# Swan Hunt



## Fowl habits (Dec 4, 2007)

has anyone heard of any trumpeters being taken this year, I'm still trying to get mine, only a couple of days left


----------



## dkhntrdstn (Sep 7, 2007)

When I took my swan in and i asked. there was non reported yet. so let hope it stays that way for the next 4 days.


----------



## Steelrat (Oct 3, 2007)

When I took mine in, the guy told me one was taken from Ogden Bay by a 13yr old...


----------



## wingmanck (Sep 7, 2007)

Fowl habits said:


> has anyone heard of any trumpeters being taken this year, I'm still trying to get mine, only a couple of days left


 :?: :shock: :?: :shock: :?: :shock: :?: 
good luck on getting that trump!
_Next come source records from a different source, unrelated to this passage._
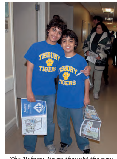
The Tisbury Tigers thought the new hospital was a winner!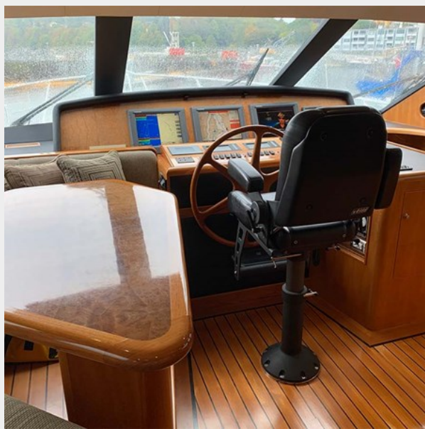
019 - Lower Helm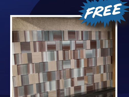
MOSAIC TILE BACKSPLASH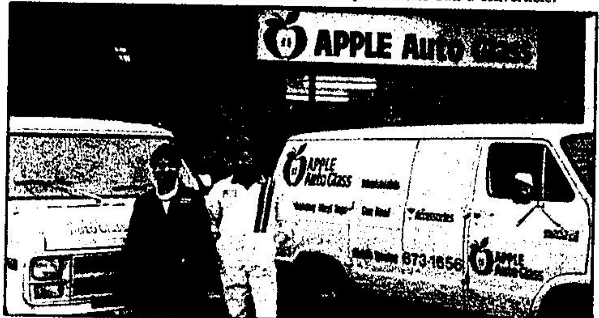
The new boys in town, Derek Hazelwood and Wade Bryanton, of Apple Auto Glass, seen here with their mobile auto glass repair unit. Only open a few months the pair is pleased with the way business has been going and anticipate spring and summer.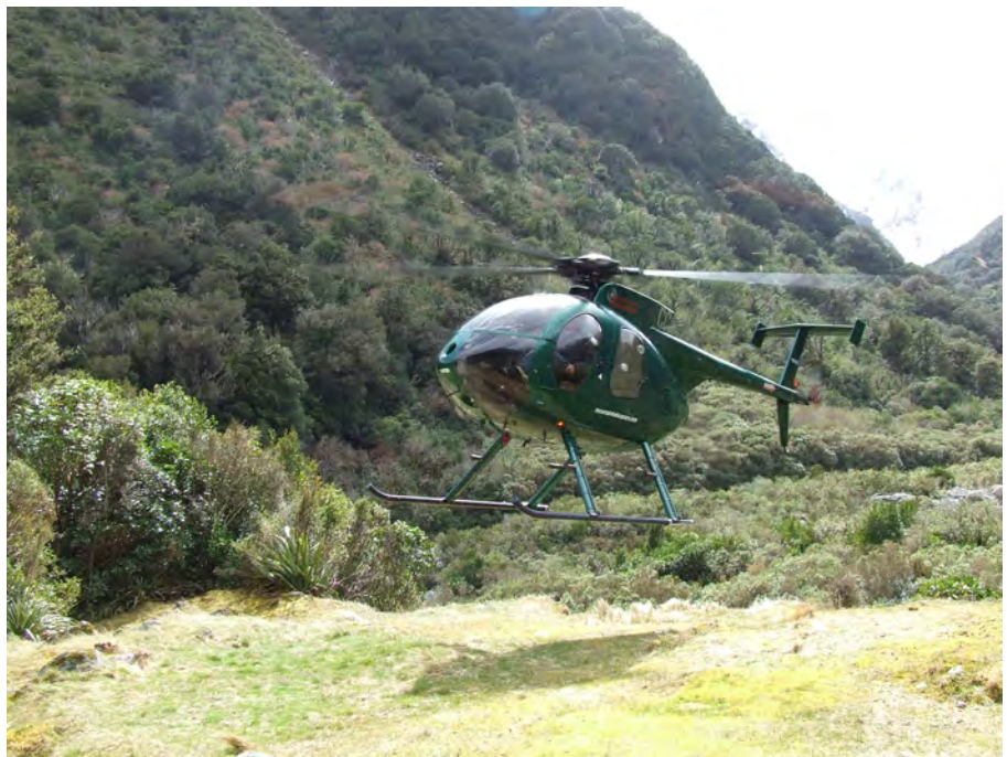
Mountain Helicopters Landing in the Butler River, West Coast 2007

Subsequently, any future changes to the existing District Plan provisions regarding informal airports in the Rural General Zone and on Crown Pastoral Land would need to account for this difference in assessment.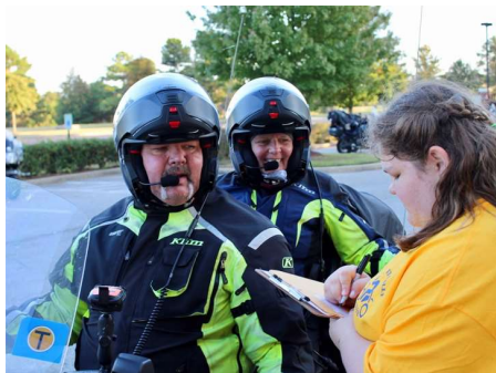
Checking in at 5:40 pm

We jump back on the bike and check-in to Rally Headquarters with 20 minutes to spare! We rode our route as planned! Let's see how we score!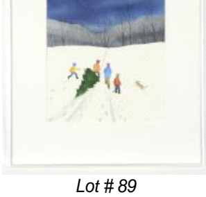
89 Framed watercolour signed Ann Blades "Taking the Christmas Tree Home" d. 1982 15" x 11 1/4". $100 - $200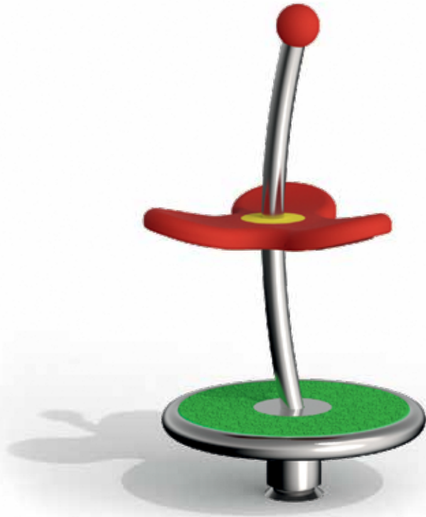
Diagram 1: Overall view of the play equipment

I know that's not what you meant but when I read it the first time, that's how my little brain processed it.


----------



## rubber ducky (Dec 7, 2007)

was out 2 1/2 bridges yesterday off turpin and seen one it just stayed in our pond until we started blastin some spoons. seen some flocks flying in the same area a week before. good luck 8)


----------



## Fowl habits (Dec 4, 2007)

two days left guys and i'm striking out everywhere i go. i think i'm going to get skunked. i thought i had them figured out at OB i went out this afternoon, i didn't here or see anything, anyone got any suggestions


----------



## Fowl habits (Dec 4, 2007)

Thanks to a buddy of mine guiding me, i filled my swan tag today (best b-day present ever) i did not think i even had a chance- thanks jason


----------



## Duurty1 (Sep 10, 2007)

i had 6 land about 30 yards away from me out at ogden bay today. it was at the very south end of unit three..if that helps


----------



## Goshawk (Sep 7, 2007)

Duurty1 said:


> i had 6 land about 30 yards away from me out at ogden bay today. it was at the very south end of unit three..if that helps


Did you see a lot of swans in the area??


----------



## Duurty1 (Sep 10, 2007)

i heard a bunch before sun up but other than the six no i did not see anymore


----------



## Fowl habits (Dec 4, 2007)

i got mine towards the north end of unit one


----------